More people than ever across all continents are consuming greater quantities of meat. The Organisation for Economic Development (OECD) predicts that the number of people eating meat will double by 2050, entailing an unprecedented increase of the global animal feed production. This will put significant pressure on natural resources because of the fresh water, feed and land required to rear livestock over its lifetime, and the pollution associated with this farming.

Around 97 percent of global soya crops are consumed by livestock – placing pressure on forests (and ecosystems) to be converted to commodity grain production. Livestock farmers can spend up to 70 percent of their costs on commercial feed, according to the Sustainable Food Trust. The pet food market, growing annually at a compound rate of 5 percent, compounds matters further.

Insects represent a viable protein alternative to conventional livestock feed, radically reducing the required energy and space, and pollution produced. Crucially, they can be fed on organic waste and agricultural by-products. Interest in the potential of insects as a sustainable source of protein is growing, and research in this area is flourishing. However, the industry is far from established, and concerns about biological implications, health and safety, and the manner in which insects are fed pose the greatest barrier to industry growth.

Project Detail

nextProtein is a producer of proteins and livestock feed, derived from sustainable insect cultivation. This French-Tunisian start-up is developing large-scale technology to raise beneficial insects fed on organic waste collected from local food distributors and agricultural residues. The bioconversion process generates valuable components: an insect based protein meal for use in aquaculture, livestock and pet feed, an oil for the animal feed industry and an organic nitrogen, phosphorous and potassium (NPK) fertiliser.

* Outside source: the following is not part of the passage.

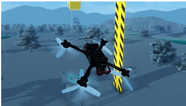
Abbildung 2 Blickwinkel aus der Nähe (uavcoach.com DRL-Simulation)

Es ist auch möglich, die Drohne aus einem anderen Blickwinkel zu sehen, um das Verhalten der Drohne besser zu verstehen.
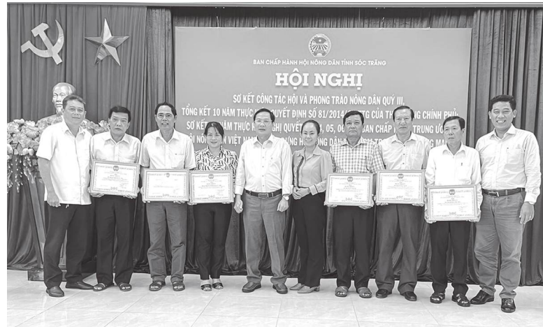
Ban Thường vụ Hội Nông dân tỉnh Sóc Trăng tặng bằng khen cho các tập thể có thành tích xuất sắc.

Chiều ngày 26/9, tại Hội Nông dân tỉnh, Ban Thường vụ Hội Nông dân tỉnh Sóc Trăng tổ chức Hội nghị sơ kết công tác Hội và phong trào nông dân quý III; tổng kết 10 năm thực hiện Quyết định số 81/2014/QĐ-TTg của Thủ tướng Chính phủ; sơ kết 5 năm thực hiện Nghị quyết số 04, 05, 06 của Ban Chấp hành Trung ương Hội Nông dân Việt Nam về xây dựng Hội Nông dân Việt Nam trong sạch, vững mạnh và phát động ủng hộ các tỉnh bị ảnh hưởng bão số 3. Tham dự hội nghị có đồng chí Trương Vũ Phương - Tỉnh ủy viên, Chủ tịch Hội Nông dân tỉnh Sóc Trăng; lãnh đạo các đơn vị, các cấp hội huyện, thị xã và thành phố.

The firm cultivates non-disease carrying insects including black soldier fly larvae. These multiply rapidly in the relative warmth of the North African region. They feed mainly on food waste, eating up to twice their body weight daily – almost 10 kg per m2 of insects per day, according to Mohamed Gastli, nextProtein’s co-founder.

“We are in the very beginning of this incredible insect industry,” says Gastli. “Insects are a viable source of protein without the intense use of resources. They need little to no water, space or energy. They produce very few greenhouse gas emissions. We discovered that with 150m2 of insect farming, we can produce as much protein as 150 ha of a soy field.” Critically, insect farming can be done on a more local basis, while soybeans are often imported from countries experiencing deforestation and pressure on land from the protein feed commodity market.

nextProtein, with its R&D, sales and marketing arms located in France, has been developing a subsidiary production plant for cultivation, harvesting and processing the insects based in Tunisia. “The plant has several zones,” says Gastli. “Inside, we have a lab, cultivation, processing and logistics. There is a zone called nextFly with cages of flies in various stages of breeding and maturity; there is a zone nextHatch where eggs hatch; and there is an area with trays of larvae eggs – nextLarvae. These feed off the food waste, which is stored in a food container area outside.”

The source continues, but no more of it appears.